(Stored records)

########################################

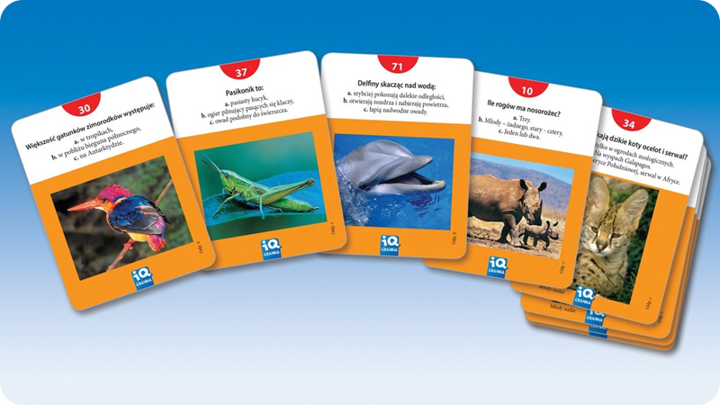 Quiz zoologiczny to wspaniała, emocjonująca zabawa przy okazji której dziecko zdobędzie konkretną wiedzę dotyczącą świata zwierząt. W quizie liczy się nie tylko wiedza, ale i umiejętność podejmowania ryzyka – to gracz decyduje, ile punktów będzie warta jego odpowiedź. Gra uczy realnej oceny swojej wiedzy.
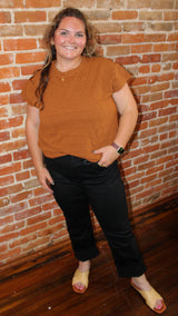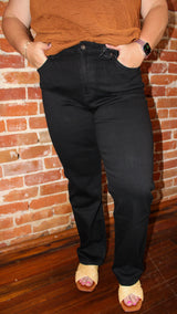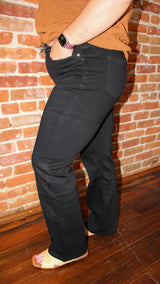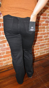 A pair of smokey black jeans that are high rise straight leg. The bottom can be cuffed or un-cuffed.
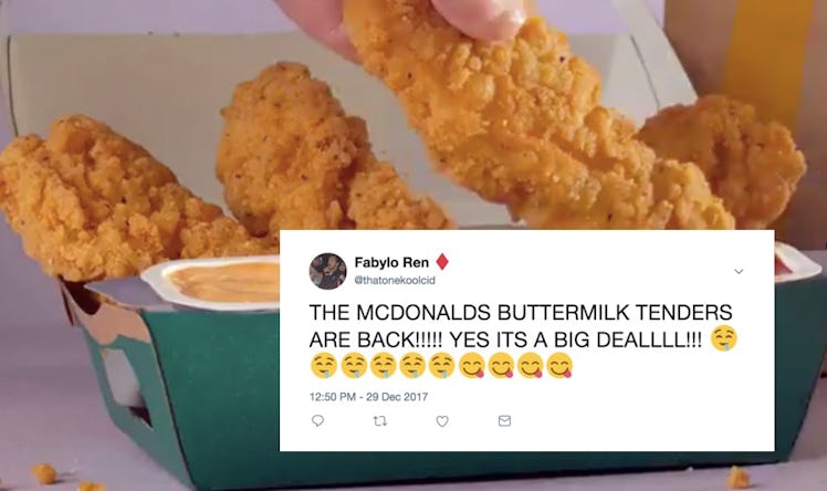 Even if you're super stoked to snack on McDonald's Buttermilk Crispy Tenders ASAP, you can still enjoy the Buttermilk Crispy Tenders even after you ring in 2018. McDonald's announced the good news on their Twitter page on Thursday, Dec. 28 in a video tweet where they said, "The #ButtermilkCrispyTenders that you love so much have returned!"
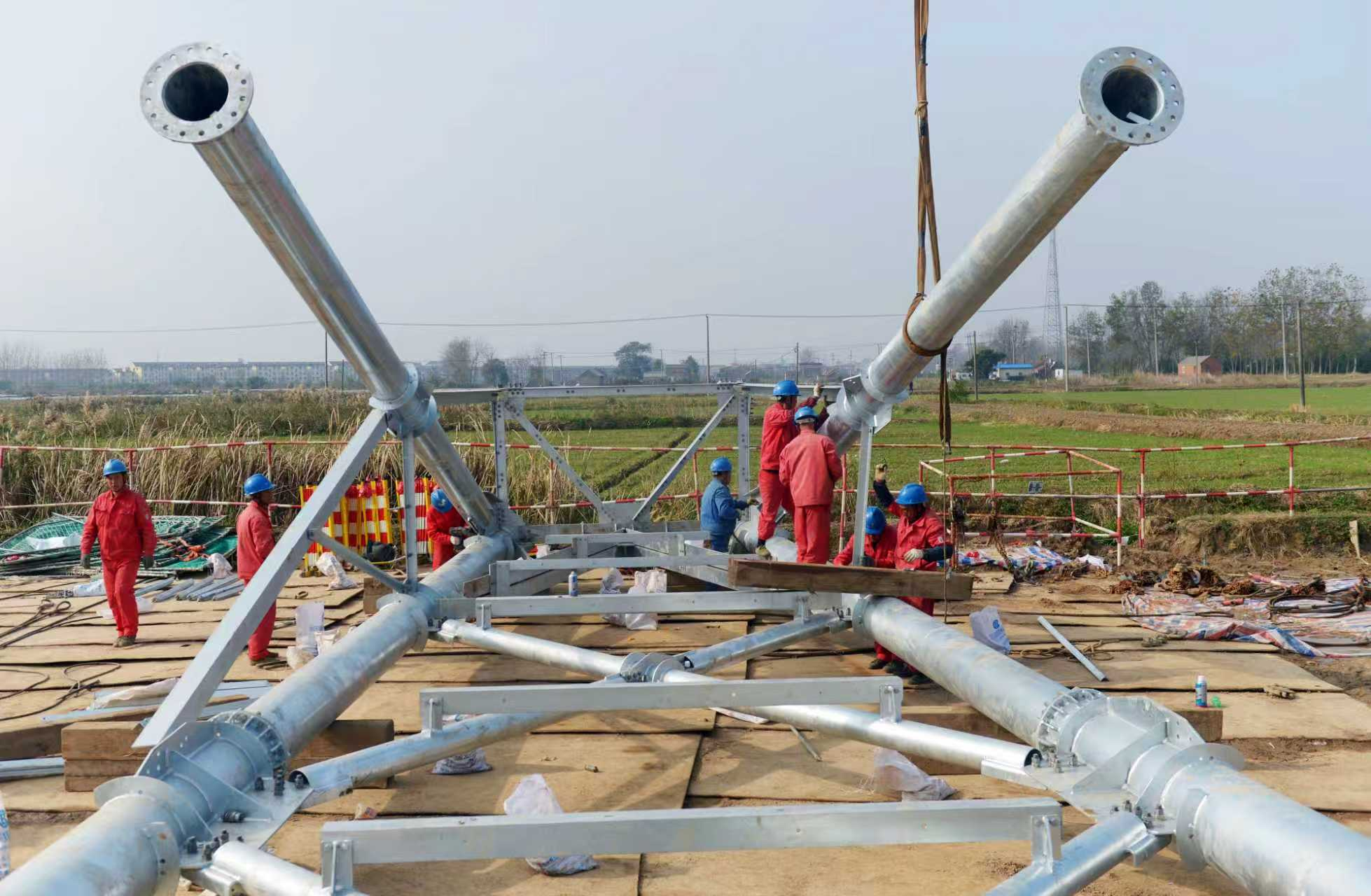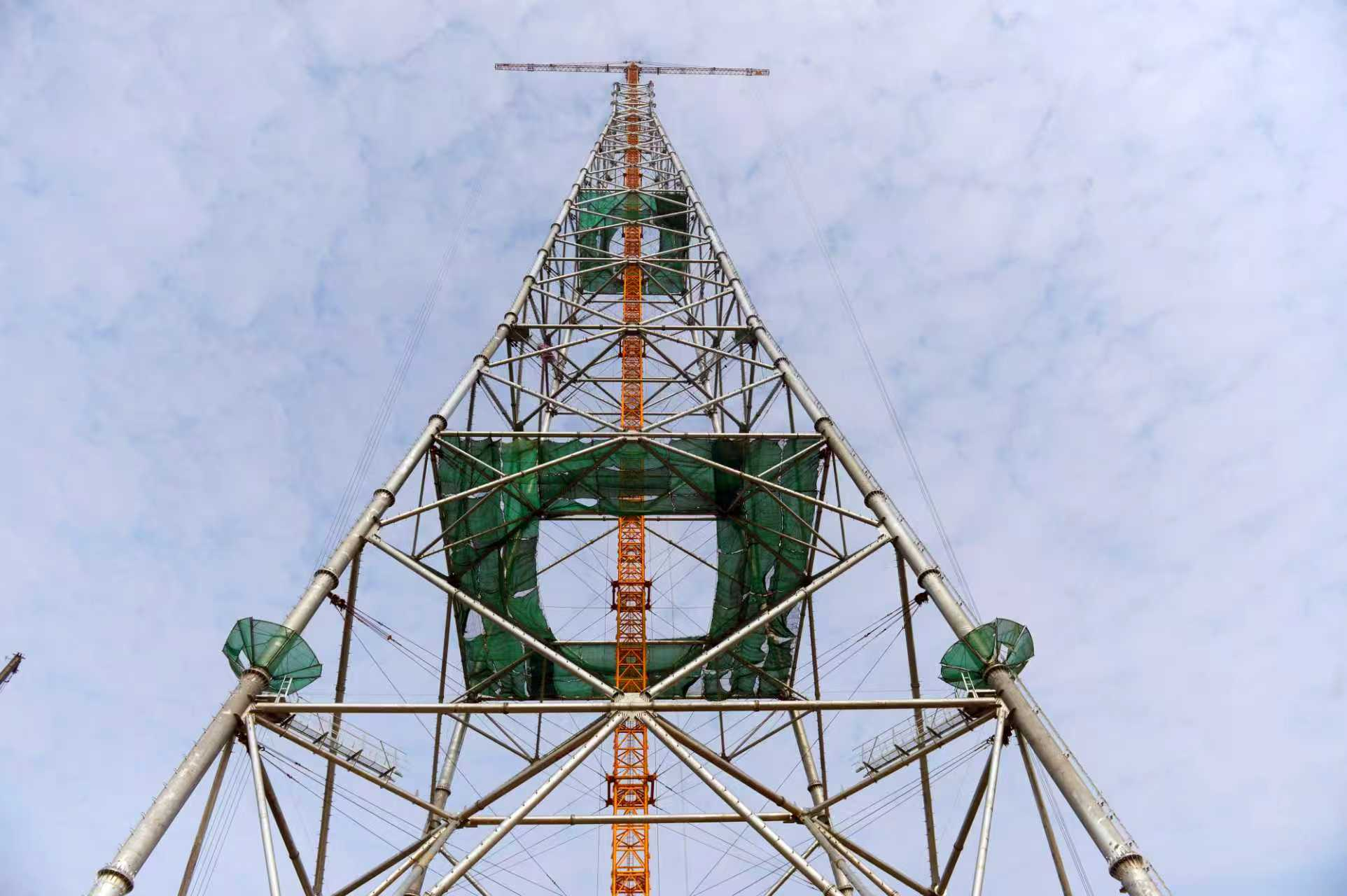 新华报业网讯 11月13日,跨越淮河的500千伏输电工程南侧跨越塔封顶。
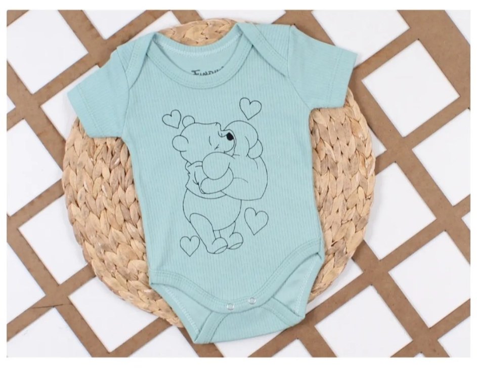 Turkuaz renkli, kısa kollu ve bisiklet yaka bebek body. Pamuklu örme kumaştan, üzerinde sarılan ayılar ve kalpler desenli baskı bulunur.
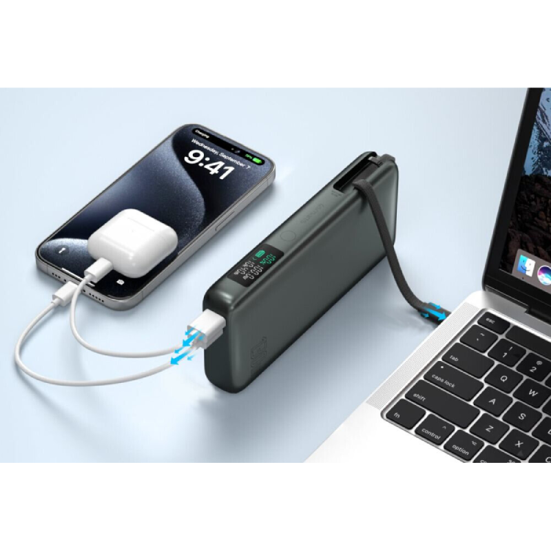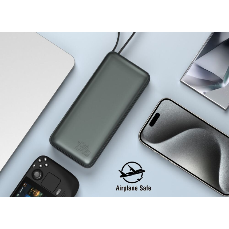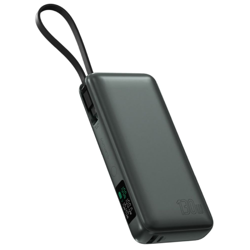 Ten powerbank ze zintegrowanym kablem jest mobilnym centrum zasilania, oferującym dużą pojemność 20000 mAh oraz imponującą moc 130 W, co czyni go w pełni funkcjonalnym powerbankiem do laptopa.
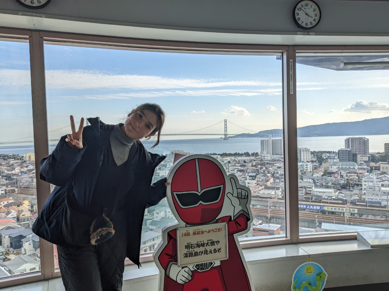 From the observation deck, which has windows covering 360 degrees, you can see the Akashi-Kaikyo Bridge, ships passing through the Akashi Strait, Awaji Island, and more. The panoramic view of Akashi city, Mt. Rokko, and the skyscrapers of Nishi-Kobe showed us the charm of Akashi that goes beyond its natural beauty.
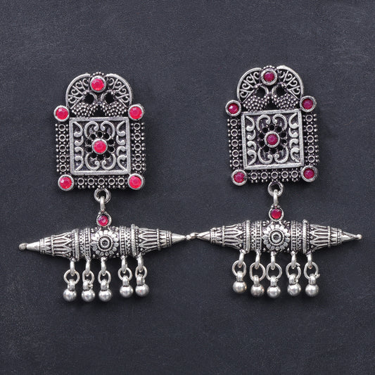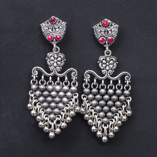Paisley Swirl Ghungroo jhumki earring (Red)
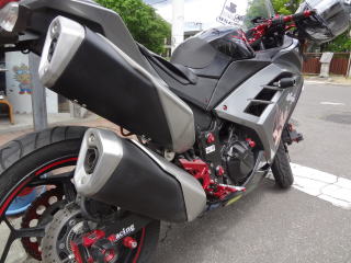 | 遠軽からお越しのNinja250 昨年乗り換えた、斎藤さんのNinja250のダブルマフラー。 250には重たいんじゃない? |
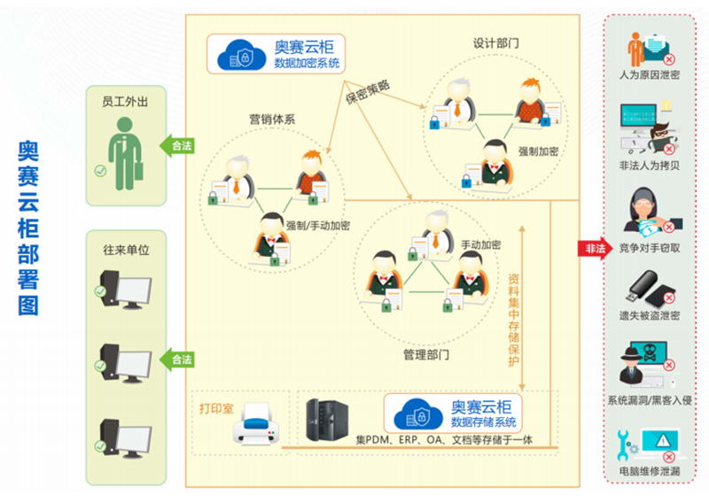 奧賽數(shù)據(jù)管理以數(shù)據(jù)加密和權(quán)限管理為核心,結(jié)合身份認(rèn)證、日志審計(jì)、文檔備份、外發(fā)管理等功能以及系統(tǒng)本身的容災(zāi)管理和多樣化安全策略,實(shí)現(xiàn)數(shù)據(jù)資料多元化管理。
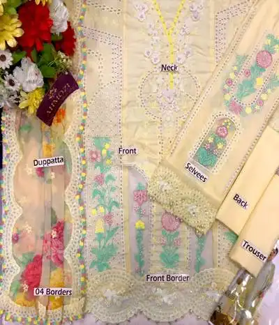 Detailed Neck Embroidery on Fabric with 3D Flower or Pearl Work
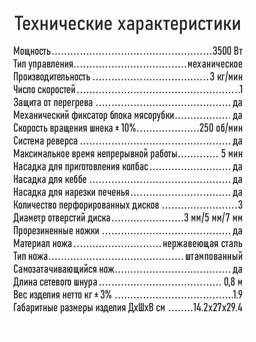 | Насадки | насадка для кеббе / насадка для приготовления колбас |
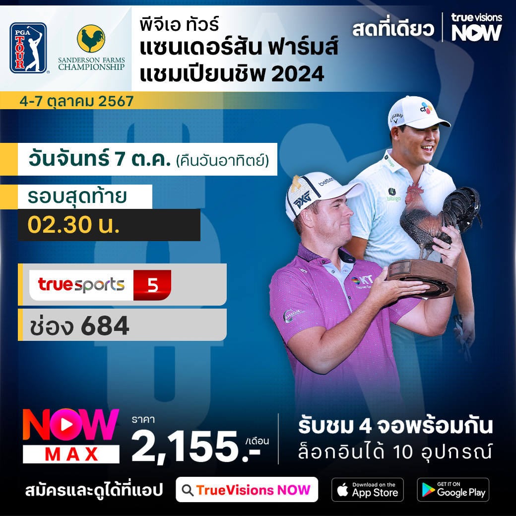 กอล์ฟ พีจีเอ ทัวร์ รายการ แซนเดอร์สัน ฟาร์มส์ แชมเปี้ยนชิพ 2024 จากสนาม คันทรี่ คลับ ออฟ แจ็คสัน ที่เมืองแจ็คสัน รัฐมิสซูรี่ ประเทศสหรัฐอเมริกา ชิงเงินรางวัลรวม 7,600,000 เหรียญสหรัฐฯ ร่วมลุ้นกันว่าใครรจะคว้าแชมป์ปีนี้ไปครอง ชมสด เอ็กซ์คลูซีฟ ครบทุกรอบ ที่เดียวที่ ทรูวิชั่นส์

########################################

Starting with the line that has "奧賽數(shù)據(jù)管" and ending with the line that has "Detailed Neck Embroidery", repeat the lines above exactly, omitting every picture.

_SOLUTION TO THIS EXERCISE_:
 奧賽數(shù)據(jù)管理以數(shù)據(jù)加密和權(quán)限管理為核心,結(jié)合身份認(rèn)證、日志審計(jì)、文檔備份、外發(fā)管理等功能以及系統(tǒng)本身的容災(zāi)管理和多樣化安全策略,實(shí)現(xiàn)數(shù)據(jù)資料多元化管理。
 Detailed Neck Embroidery on Fabric with 3D Flower or Pearl Work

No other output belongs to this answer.